# [Problem to solve]
A verbatim copy of the data is wanted, minus any picture in it.

# [Data extract]
================================

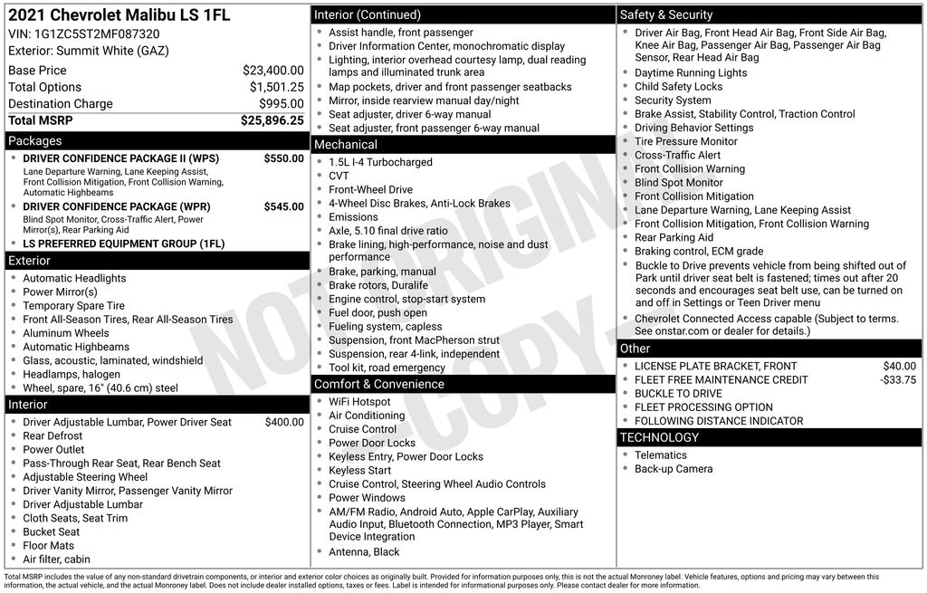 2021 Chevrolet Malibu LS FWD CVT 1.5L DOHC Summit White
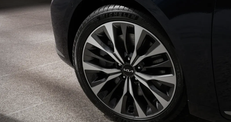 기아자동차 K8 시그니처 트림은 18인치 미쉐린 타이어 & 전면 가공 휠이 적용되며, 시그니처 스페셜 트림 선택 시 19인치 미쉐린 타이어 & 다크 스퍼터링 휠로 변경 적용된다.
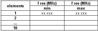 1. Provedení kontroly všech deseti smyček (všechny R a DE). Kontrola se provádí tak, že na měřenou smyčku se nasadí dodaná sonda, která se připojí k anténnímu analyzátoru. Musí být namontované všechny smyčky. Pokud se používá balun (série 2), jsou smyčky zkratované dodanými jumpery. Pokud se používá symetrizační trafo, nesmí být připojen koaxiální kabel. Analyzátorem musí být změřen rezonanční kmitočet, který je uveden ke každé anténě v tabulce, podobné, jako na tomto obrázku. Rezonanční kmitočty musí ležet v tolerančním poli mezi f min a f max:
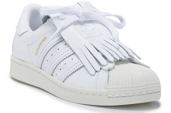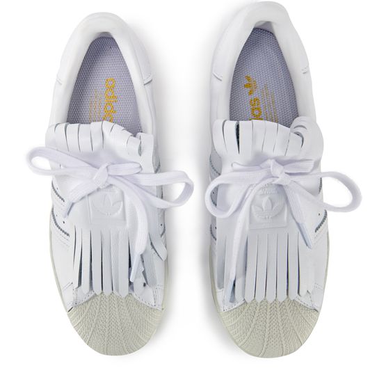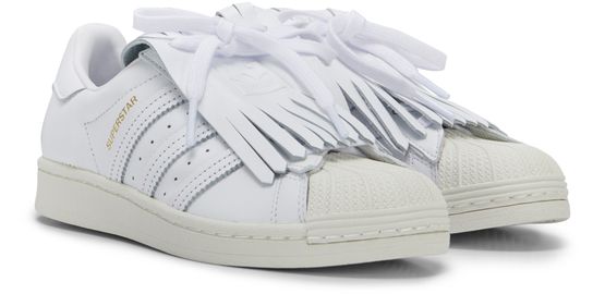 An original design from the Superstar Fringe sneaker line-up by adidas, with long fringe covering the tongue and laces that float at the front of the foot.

================================

# [Written solution]
 2021 Chevrolet Malibu LS FWD CVT 1.5L DOHC Summit White
 기아자동차 K8 시그니처 트림은 18인치 미쉐린 타이어 & 전면 가공 휠이 적용되며, 시그니처 스페셜 트림 선택 시 19인치 미쉐린 타이어 & 다크 스퍼터링 휠로 변경 적용된다.
 1. Provedení kontroly všech deseti smyček (všechny R a DE). Kontrola se provádí tak, že na měřenou smyčku se nasadí dodaná sonda, která se připojí k anténnímu analyzátoru. Musí být namontované všechny smyčky. Pokud se používá balun (série 2), jsou smyčky zkratované dodanými jumpery. Pokud se používá symetrizační trafo, nesmí být připojen koaxiální kabel. Analyzátorem musí být změřen rezonanční kmitočet, který je uveden ke každé anténě v tabulce, podobné, jako na tomto obrázku. Rezonanční kmitočty musí ležet v tolerančním poli mezi f min a f max:
 An original design from the Superstar Fringe sneaker line-up by adidas, with long fringe covering the tongue and laces that float at the front of the foot.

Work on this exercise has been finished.